1 Gifu University, Environmental and Renewable Energy Systems Division, Graduate School of Engineering, 1-1 Yanagido, Gifu, 501-1193, Japan
2 Biorefinery Engineering and Microfluidics (BEAM) Research Group, Department of Chemical Engineering, COMSATS University Islamabad, Lahore Campus, Pakistan

In the present study, the kinetics of hydrogen production from water vapour using dielectric barrier discharge (DBD) plasma in a cylindrical reactor were analyzed.
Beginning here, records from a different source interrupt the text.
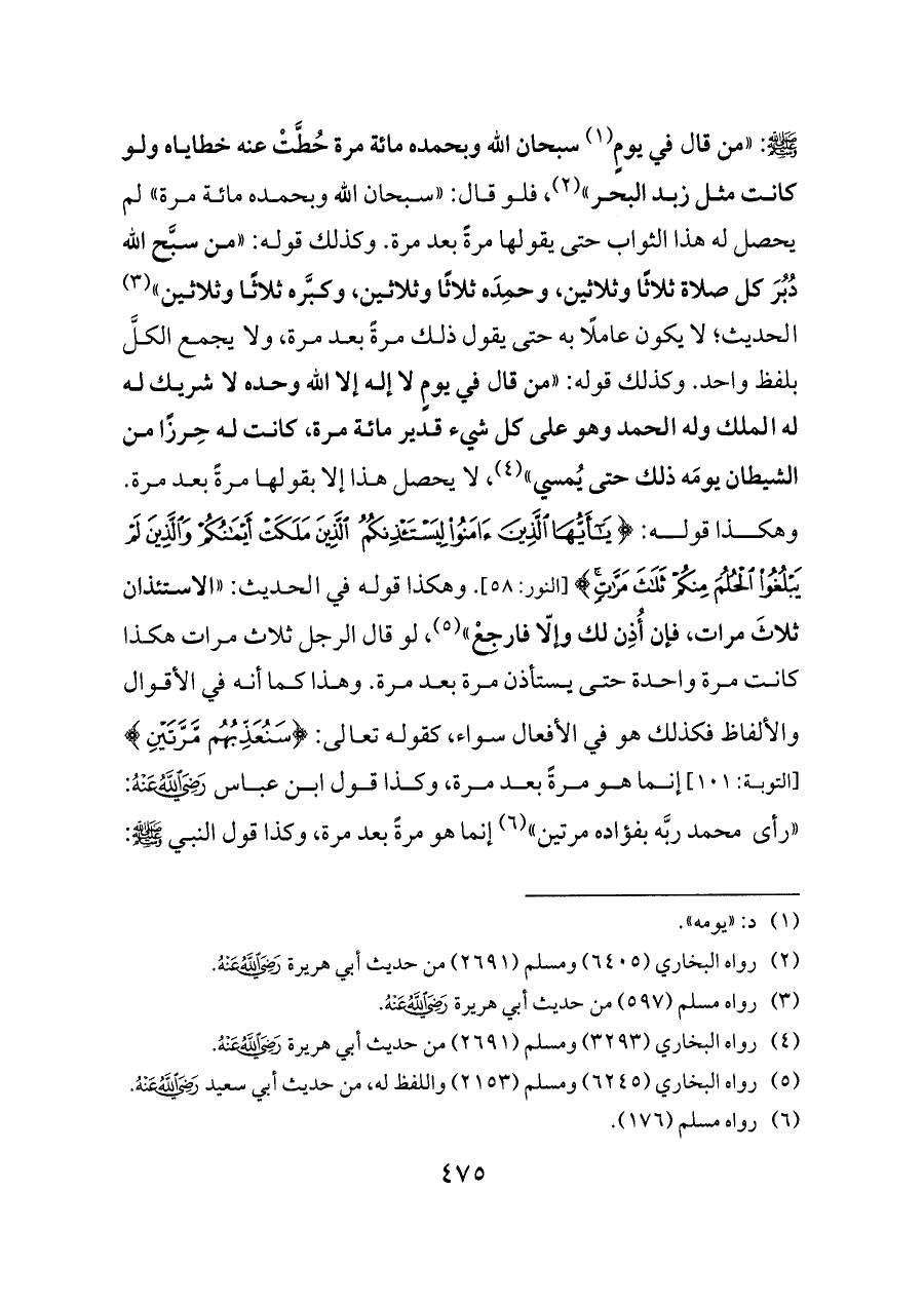 - صلى الله عليه وسلم -: «من قال في يومٍ (¬١) سبحان الله وبحمده مائة مرة حُطَّتْ عنه خطاياه ولو كانت مثل زبد البحر» (¬٢)، فلو قال: «سبحان الله وبحمده مائة مرة» لم يحصل له هذا الثواب حتى يقولها مرةً بعد مرة. وكذلك قوله: «من سبَّح الله دُبُرَ كل صلاة ثلاثًا وثلاثين، وحمِدَه ثلاثًا وثلاثين، وكبَّره ثلاثًا وثلاثين» (¬٣) الحديث؛ لا يكونعاملًا به حتى يقول ذلك مرةً بعد مرة، ولا يجمع الكلَّ بلفظ واحد. وكذلك قوله: «من قال في يومٍ لا إله إلا الله وحده لا شريك له له الملك وله الحمد وهو على كل شيء قدير مائة مرة، كانت له حِرزًا من الشيطان يومَه ذلك حتى يُمسي» (¬٤)، لا يحصل هذا إلا بقولها مرةً بعد مرة. وهكذا قوله: {يَاأَيُّهَا الَّذِينَ آمَنُوا لِيَسْتَأْذِنْكُمُ الَّذِينَ مَلَكَتْ أَيْمَانُكُمْ وَالَّذِينَ لَمْ يَبْلُغُوا الْحُلُمَ مِنْكُمْ ثَلَاثَ مَرَّاتٍ} [النور: ٥٨]. وهكذا قوله في الحديث: «الاستئذان ثلاثَ مرات، فإن أُذِن لك وإلّا فارجِعْ» (¬٥)،
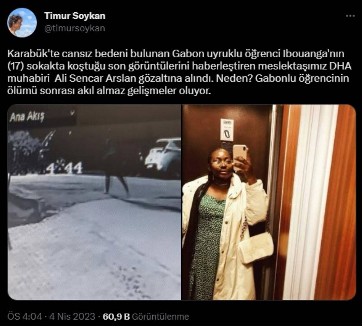 Soykan, "Karabük'te cansız bedeni bulunan Gabon uyruklu öğrenci Ibouanga'nın (17) sokakta koştuğu son görüntülerini haberleştiren meslektaşımız DHA muhabiri Ali Sencar Arslan gözaltına alındı. Neden? Gabonlu öğrencinin ölümü sonrası akıl almaz gelişmeler oluyor" ifadelerini kullandı.
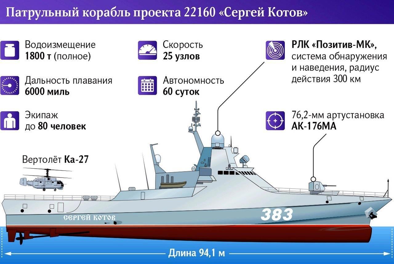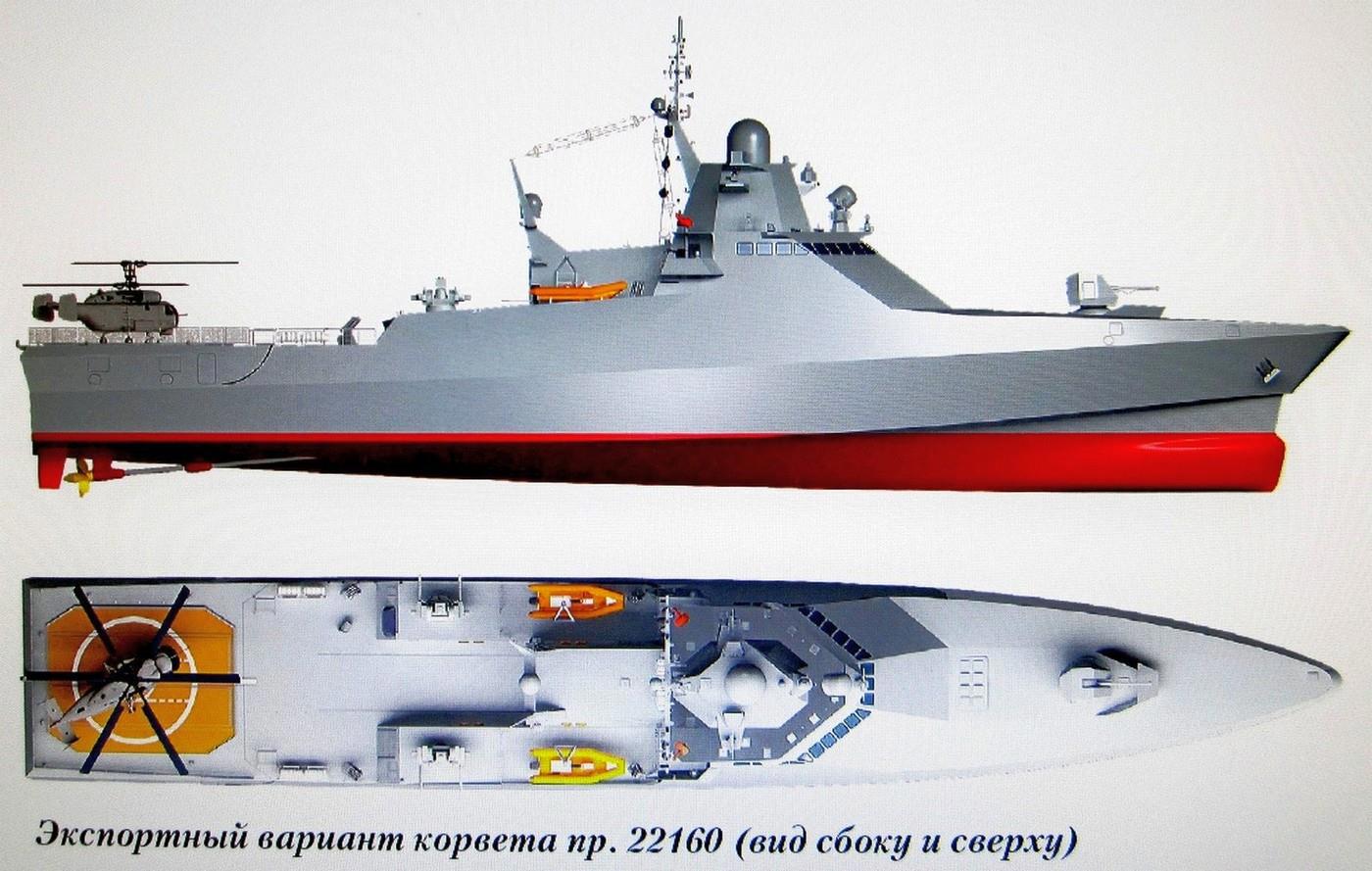 Однако, как говориться, «маловато будет». То есть что-то изменить можно, но сильно не развернёшься – при попытке переделать что-то, легко «упереться» в недостаток места или в характеристики мореходности. Поэтому более удобной «боевой платформой» можно считать кораблик немного больших размеров. Это корабли пр.22160. Нужно сказать, что когда появились первые данные про эти корабли, то на них от всяких наших и ненаших «военных аналитиков» обрушился просто шквал критики. Послушать – так там всё «не так». Я тогда эту критику читал, но вступать в какие-то споры (даже мысленно) не считал возможным. Во-первых, я не видел ТЗ и поэтому критиковать выполненную кем-то работу просто не считал правильным. Второе – информации было слишком мало.
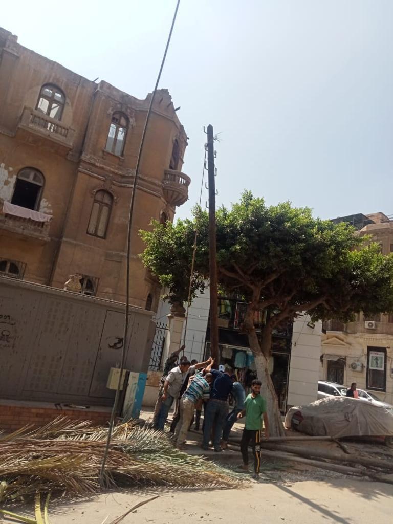 سقوط نخلة وأعمدة إنارة بمنزل عباس العقاد بمصر الجديدة.. ووزارة التنمية المحلية تتدخل
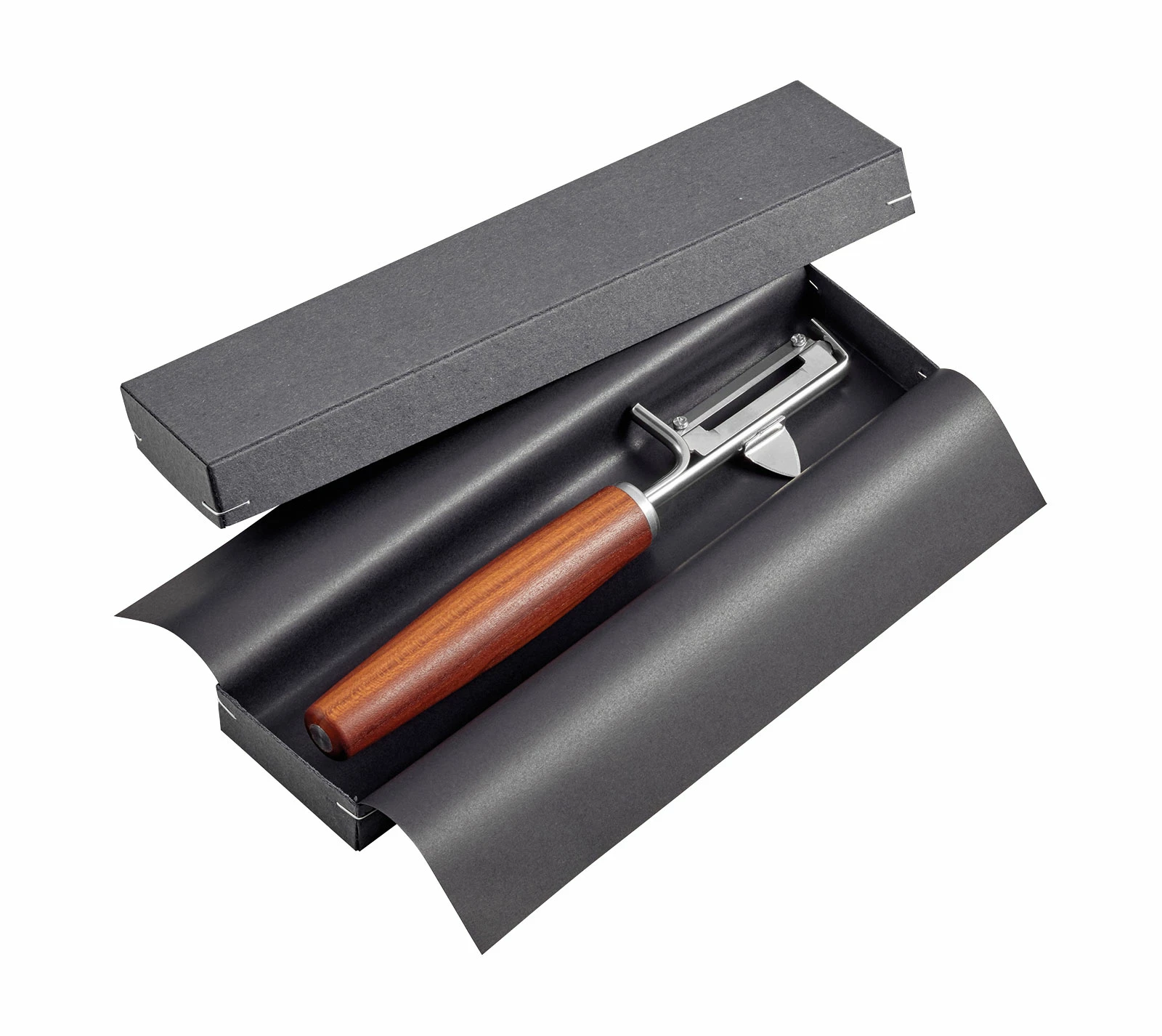 Der Sense Pendelschäler rechts mit Pflaumenholz-Griff von Triangle Solingen
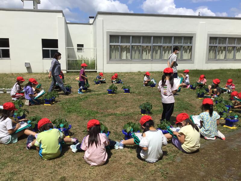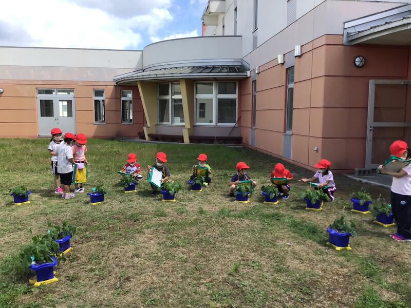 日に日に大きく成長しています。子どもたちは成長したアサガオの絵と観察して気が付いたことをひとりひとりまとめました。
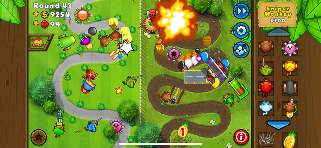This is a very amazing game and super addictive if you’re a strategist it’s fun to come up with all kinds of different ways to be different levels and the many different maps and I also love how you can choose different maps with different difficulties as well and there’s countless combinations of ways to work through this the only things that I hate about this game and many others that I play with are One you can’t speak to your opponents. Number two when you select a map difficulty with the difficulty of the game itself no matter what you pick it send you into some game where anyone has clicked one of the things that you have for instants I play on expert maps and impoppable, sometimes I also add in advanced maps but yet it will put me into a game playing on impoppable with an easy map this will decrease the reward from say $1200 to $360 monkey money.. and it’s just way too easy at that.. Now the only other thing that we have discussed between me and my friends that play this is it would be nice to be able to speed it up even more than the one time speed because these matches on impoppable go on for a long time so speeding it times 3 when ur fully set to win by round say 50 u won’t have to wait till round 85 as the rounds get longer each round..
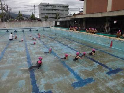 体育科で「みずあそび」の学習をしています。プールでお風呂屋さん(顔を3回洗う)をしたり、プールを一周回ったり、楽しく活動していました。水の中で動物に変身する遊びでは、ワニに変身しました。プールの中に、かわいいワニがいっぱい歩いていてる様子を見て、みんな笑顔になりました。
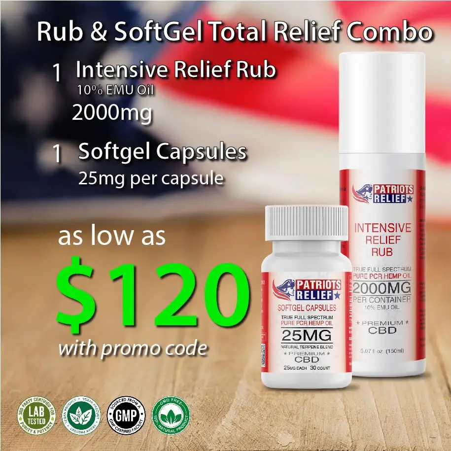 Patriots Relief Softgel Capsules provide 25mg of True Full Spectrum CBD per capsule. Taking our CBD Softgels is an easy and convenient way to get your daily serving of CBD and is especially great for those individuals that are on the go.
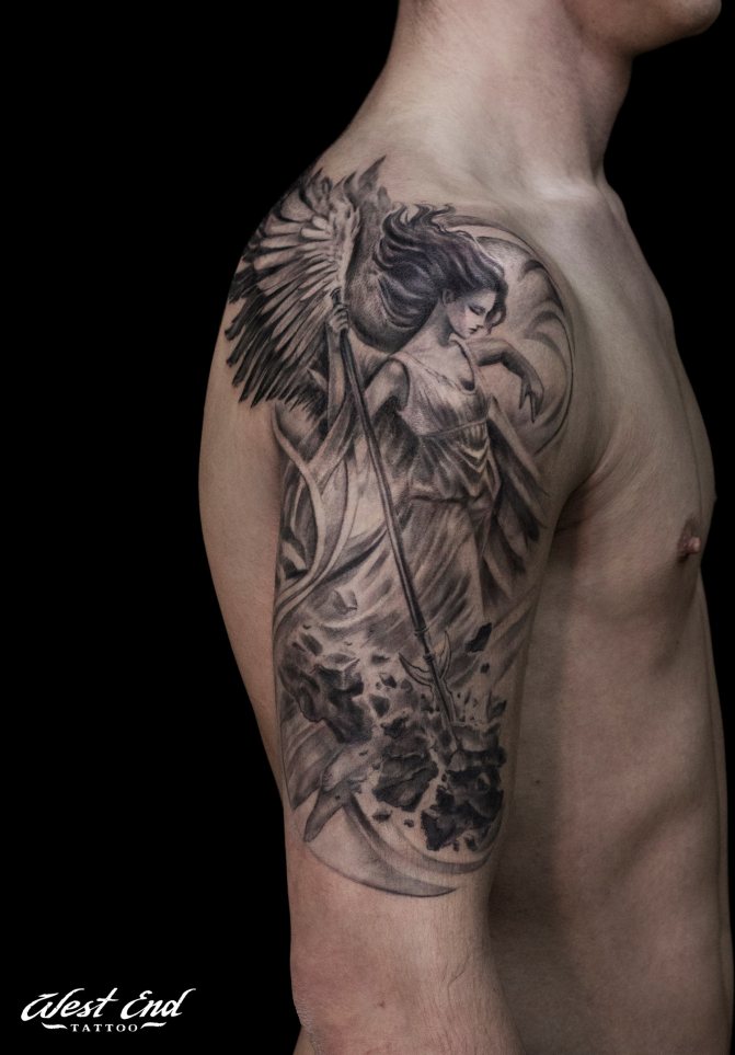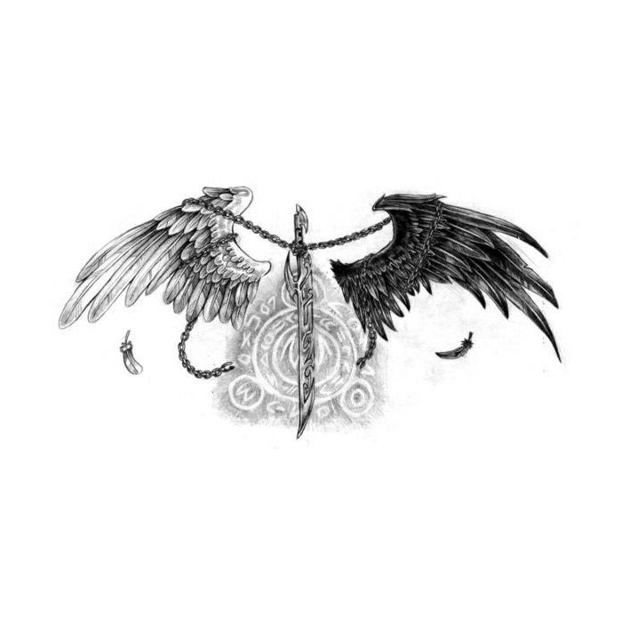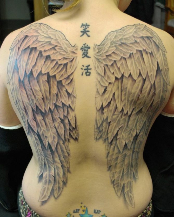 Selkään tatuoiduilla siivillä on moniselitteinen merkitys. Suunnittelu liittyy enkeleihin, ja tatuoinnin tekniikka ja värit määrittelevät hahmon olemuksen: enkelin hyvän tai pahan ulkonäön.
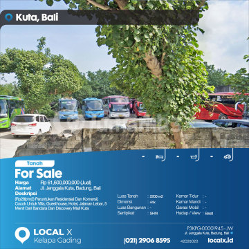 (Rp28jt/m2) Peruntukan Residensial Dan Komersil, Cocok Untuk Villa, Guesthouse, Hotel, Jalanan Lebar, 5 Menit Dari Bandara Dan Discovery Mall Kuta For Sale - Jual Tanah Jenggala Kuta, Badung, Bali Harga. Rp 6160000xxxxJual) Deskripsi Properti. (Rp28jt/m2) Peruntukan Residensial Dan Komersil, Cocok Untuk Villa, Guesthouse, Hotel, Jalanan Lebar, 5 Menit Dari Bandara Dan Discovery Mall Kuta Luas Tanah. 2200 m2 Dimensi. 44x Luas Bangunan. 2200 m2 Sertipikat. SHM Kamar Tidur. - Kamar Mandi. - Garasi Mobil. - Hadap / View. Barat LOCAL X Kelapa Gading ******** 0212906xxxx P3KPG-0000xxxx-JW-J
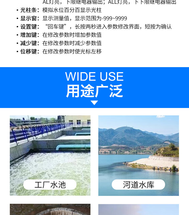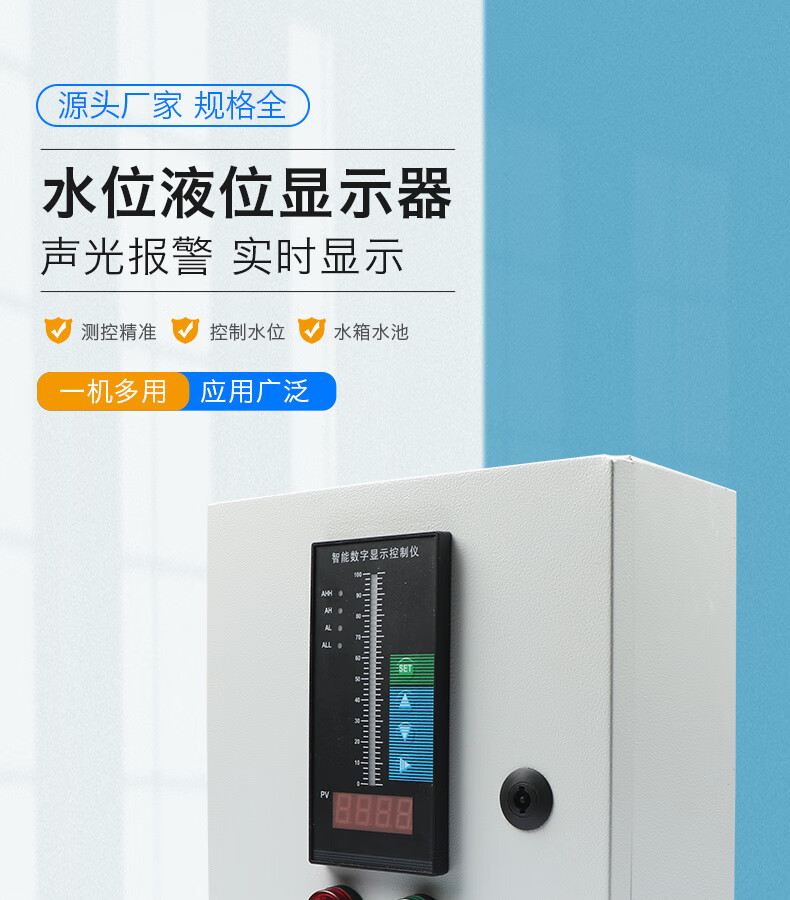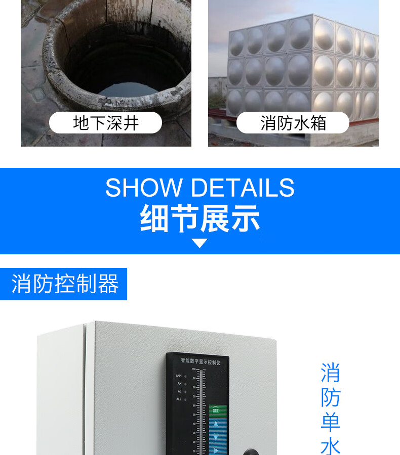 Liquid level water level controller fire water tank pool electronic alarm display liquid level meter sensor transmitter 5KW water pump control box + 5 meter probe
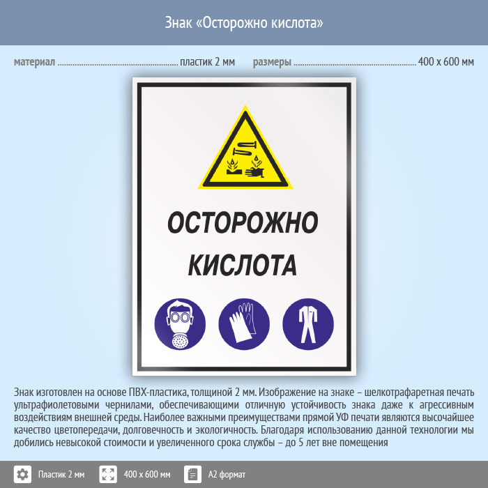Знак «Осторожно кислота», КЗ-61 (пластик, 400х600 мм) в Пензе купить
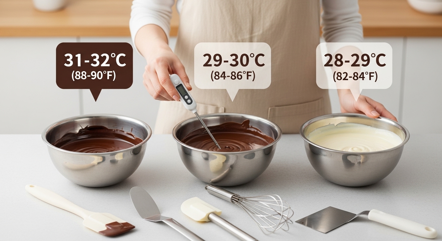 ホワイトチョコレートは最もデリケートで、低めの温度管理が求められます。
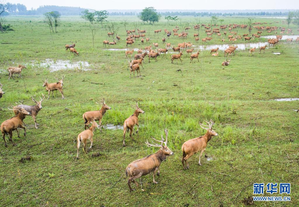 5月17日,麋鹿在石首麋鹿國家級自然保護區內活動(無人機照片)。新華社記者 肖藝九 攝

The simulation analysis was carried out for both models with and without the dissociative attachment reaction to predict and compare the concentration of produced hydrogen gas from water vapour. The effect of water vapour input temperature ranges of 523–623 K and plasma voltage in the range of 12–14 kV were investigated. It was revealed that the hydrogen concentration increased with the input water vapour temperature and plasma voltage increased in both the simulation models. It was seen that the H2 concentration results of the simulation model with the dissociative attachment reaction (H-) were nearly same as the H2 concentrations of the water vapour plasmolysis experimental results. Moreover, it can be concluded that the dissociative attachment reaction was controlled the H2 generation from water vapour plasmolysis. It was remarkable that the conversion rates of the simulation model included the dissociative attachment reaction has more acceptable results to the experimental data compared to the simulation model deselecting the dissociative attachment reaction (H-). Also, it was seen as the main reason for the difference between simulation and experimental results.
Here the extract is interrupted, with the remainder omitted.